- Born: Anupam Ojha
- Awards: Sir Arthur Clarke Award
- Scientific career
- Institutions: Great Barr School National Space Centre European Space Agency STFC UK Space Agency

= Anu Ojha =

British space exploration administrator

Anupam Ojha (born 1968) is a British space exploration administrator employed at the UK Space Agency. He is a Director of the National Space Centre, serves on the Science and Technology Facilities Council, as a member of the European Space Agency Human Spaceflight and Exploration Science Advisory Committee (HESAC).

== Career ==
Ojha taught physics, mathematics and sciences at a range of UK all-ability secondary schools culminating in becoming Assistant Headteacher at Great Barr School. In 2003 he was awarded Advanced Skills Teacher status. He was made a National Lead Practitioner for physics by the UK Specialist Schools and Academies Trust in 2010, and continues to teach physics at Loughborough College.

Ojha started working on teacher training programmes for BNSC (the forerunner organisation to the UK Space Agency) and European Space Agency in 2007. In this capacity he leads teacher and student (school and undergraduate level) training programmes. His work helped demonstrate that space related education has a profound impact on student achievement, resulting in better than predicted grades at GCSE and A-level. He has led the National Space Academy since it launched in 2008. He was awarded the 2010 Sir Arthur Clarke Award for Inspiration. Since 2016 he has been the lead for Skills/Education/Human spaceflight and robotic exploration in the UK Government's programmes of strategic collaboration in Space Science and Technology with China.

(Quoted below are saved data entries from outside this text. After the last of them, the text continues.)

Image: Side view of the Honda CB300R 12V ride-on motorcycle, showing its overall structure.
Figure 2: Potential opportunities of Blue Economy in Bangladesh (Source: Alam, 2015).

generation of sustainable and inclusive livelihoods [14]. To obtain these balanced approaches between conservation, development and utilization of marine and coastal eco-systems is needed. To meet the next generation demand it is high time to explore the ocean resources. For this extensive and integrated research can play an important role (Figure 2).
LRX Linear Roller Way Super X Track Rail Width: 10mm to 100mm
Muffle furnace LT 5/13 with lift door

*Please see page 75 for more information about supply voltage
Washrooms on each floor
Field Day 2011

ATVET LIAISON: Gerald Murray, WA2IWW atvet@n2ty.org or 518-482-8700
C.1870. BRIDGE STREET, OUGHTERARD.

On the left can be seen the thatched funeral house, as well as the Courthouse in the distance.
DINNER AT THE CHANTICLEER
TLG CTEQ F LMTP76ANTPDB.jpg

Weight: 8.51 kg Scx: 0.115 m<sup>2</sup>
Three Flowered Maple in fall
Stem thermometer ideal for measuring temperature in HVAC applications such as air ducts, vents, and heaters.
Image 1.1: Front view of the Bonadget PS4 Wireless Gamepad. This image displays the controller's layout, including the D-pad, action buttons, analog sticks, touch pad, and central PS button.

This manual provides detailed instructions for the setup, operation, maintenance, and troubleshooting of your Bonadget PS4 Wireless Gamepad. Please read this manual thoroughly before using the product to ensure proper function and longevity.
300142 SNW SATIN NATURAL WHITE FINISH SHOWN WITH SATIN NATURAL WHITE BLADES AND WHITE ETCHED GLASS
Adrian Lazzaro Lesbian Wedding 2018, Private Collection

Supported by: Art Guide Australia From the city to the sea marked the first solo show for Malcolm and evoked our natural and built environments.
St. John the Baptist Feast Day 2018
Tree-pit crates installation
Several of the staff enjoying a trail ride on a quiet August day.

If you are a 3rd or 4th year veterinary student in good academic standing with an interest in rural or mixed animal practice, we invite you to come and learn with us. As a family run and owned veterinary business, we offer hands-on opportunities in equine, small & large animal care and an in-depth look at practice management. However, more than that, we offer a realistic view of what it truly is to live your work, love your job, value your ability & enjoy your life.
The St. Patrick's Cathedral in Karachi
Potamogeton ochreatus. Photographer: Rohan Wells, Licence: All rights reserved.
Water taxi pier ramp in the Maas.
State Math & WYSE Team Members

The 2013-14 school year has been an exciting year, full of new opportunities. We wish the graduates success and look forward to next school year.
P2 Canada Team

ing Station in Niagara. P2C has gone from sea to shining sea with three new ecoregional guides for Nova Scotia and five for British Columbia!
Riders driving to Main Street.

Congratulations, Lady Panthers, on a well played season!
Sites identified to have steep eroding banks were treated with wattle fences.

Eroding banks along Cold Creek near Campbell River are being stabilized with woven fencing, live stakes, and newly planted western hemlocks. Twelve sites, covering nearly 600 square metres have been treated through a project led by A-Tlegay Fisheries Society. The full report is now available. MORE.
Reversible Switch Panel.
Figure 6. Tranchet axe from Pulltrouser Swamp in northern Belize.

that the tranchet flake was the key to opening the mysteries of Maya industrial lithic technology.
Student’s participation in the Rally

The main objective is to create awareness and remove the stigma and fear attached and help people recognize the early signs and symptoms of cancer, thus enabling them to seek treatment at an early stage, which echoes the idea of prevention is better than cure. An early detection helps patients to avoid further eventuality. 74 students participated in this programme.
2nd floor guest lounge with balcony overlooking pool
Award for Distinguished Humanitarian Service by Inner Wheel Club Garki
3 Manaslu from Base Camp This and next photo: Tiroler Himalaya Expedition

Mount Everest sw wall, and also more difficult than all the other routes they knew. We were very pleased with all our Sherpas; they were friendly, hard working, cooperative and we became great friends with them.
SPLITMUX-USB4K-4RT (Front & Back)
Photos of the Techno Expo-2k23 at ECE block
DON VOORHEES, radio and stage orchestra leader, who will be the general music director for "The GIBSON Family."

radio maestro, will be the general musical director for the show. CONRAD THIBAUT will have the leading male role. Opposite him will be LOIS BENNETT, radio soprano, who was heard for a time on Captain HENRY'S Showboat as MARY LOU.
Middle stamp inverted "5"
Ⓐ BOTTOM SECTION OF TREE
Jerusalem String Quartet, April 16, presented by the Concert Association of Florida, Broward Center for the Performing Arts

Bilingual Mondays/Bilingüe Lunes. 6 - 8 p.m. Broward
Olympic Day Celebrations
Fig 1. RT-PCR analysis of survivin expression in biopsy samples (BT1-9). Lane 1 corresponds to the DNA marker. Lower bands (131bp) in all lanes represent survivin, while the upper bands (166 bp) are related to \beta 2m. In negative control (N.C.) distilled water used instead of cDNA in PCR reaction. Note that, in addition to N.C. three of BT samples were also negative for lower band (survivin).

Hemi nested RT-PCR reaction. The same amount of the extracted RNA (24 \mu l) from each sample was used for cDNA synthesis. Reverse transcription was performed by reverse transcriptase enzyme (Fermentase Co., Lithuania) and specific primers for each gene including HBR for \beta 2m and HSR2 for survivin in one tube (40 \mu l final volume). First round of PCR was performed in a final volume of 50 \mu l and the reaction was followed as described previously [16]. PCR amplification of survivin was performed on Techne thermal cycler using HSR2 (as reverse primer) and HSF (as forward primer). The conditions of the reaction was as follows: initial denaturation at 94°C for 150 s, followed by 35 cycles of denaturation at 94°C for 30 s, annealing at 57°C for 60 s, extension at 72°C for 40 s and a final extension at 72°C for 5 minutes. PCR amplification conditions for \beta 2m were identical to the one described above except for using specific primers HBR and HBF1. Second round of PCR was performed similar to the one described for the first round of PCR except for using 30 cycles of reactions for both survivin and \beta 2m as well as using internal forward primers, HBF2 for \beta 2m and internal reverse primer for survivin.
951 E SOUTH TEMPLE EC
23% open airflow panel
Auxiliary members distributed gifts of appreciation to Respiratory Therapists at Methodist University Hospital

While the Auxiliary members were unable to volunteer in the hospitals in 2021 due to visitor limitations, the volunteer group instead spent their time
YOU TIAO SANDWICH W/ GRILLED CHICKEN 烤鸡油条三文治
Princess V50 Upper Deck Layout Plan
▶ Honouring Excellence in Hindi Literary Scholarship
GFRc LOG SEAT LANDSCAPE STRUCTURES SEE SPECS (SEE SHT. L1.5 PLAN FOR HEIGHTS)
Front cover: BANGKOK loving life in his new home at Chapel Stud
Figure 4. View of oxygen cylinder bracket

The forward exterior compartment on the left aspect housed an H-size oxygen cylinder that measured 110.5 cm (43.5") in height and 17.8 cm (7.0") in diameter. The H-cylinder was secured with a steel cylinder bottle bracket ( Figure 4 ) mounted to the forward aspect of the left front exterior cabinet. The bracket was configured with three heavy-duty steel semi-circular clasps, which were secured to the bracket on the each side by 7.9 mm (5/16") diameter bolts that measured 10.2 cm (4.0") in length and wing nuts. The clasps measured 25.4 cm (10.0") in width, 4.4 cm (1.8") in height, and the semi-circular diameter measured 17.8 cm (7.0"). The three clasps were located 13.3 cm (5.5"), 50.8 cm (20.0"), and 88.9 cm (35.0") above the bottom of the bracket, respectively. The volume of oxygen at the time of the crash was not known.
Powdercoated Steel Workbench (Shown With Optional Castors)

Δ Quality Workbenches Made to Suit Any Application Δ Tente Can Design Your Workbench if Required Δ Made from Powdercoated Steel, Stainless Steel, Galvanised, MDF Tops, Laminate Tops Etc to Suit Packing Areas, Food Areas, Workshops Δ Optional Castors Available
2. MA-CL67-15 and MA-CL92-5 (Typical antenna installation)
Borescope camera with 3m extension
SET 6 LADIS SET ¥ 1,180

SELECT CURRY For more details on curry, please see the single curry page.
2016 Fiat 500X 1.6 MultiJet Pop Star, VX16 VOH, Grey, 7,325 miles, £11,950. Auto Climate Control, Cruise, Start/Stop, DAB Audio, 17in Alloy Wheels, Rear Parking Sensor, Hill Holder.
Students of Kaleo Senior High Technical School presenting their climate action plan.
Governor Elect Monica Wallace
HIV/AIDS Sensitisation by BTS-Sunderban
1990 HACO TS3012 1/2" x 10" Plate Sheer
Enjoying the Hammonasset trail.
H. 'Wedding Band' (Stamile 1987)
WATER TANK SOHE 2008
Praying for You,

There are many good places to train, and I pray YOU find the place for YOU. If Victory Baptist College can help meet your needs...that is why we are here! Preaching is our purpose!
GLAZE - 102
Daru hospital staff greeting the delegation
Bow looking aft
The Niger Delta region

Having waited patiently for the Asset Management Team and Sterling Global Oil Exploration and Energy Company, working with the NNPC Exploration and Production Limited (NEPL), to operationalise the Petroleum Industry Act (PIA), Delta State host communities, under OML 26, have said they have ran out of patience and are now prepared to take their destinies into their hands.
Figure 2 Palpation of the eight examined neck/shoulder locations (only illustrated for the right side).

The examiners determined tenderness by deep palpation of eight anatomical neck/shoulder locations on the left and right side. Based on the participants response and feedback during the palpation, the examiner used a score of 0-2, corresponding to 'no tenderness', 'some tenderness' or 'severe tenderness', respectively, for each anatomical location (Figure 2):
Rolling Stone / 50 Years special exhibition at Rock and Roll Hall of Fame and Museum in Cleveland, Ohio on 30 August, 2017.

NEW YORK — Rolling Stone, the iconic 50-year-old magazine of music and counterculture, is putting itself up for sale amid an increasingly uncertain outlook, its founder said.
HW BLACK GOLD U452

In 2014 Ojha was appointed OBE for services to science education in the Queen's Birthday Honours. He led the Astro Academy Principia Education Programme involving experiments conducted by European Space Agency astronaut Tim Peake during his time on the International Space Station. He served as a consultant for the ESA SOHO orbiting solar observatory.

In 2016 Ojha was appointed as an Honorary Professor in the Department of Physics and Astronomy at the University of Leicester. He is co-investigator for the planetary sampling tool SPLIT, which is being developed for future Mars exploration missions. He has served as the President of the Astronautics Records Commission of the Federation Aeronautique Internationale.

Ojha was appointed to the STFC Council in 2018, and the Global Space Congress Advisory Board of the UAE Space Agency. He has a long-standing interest in why people believe conspiracy theories and misinformation and the societal ramifications of this.

==Personal life==
Ojha is a skydiver who has completed nearly 1,500 jumps. He acted as an independent analyst for the Red Bull Stratos stratospheric jump of Felix Baumgartner and has made many technical and general presentations on stratospheric skydiving and human survival in extreme environments including as a keynote presentation at the 2019 Skydive Expo of the British Parachute Association. He is supporting the neutral buoyancy facility the Blue Abyss project.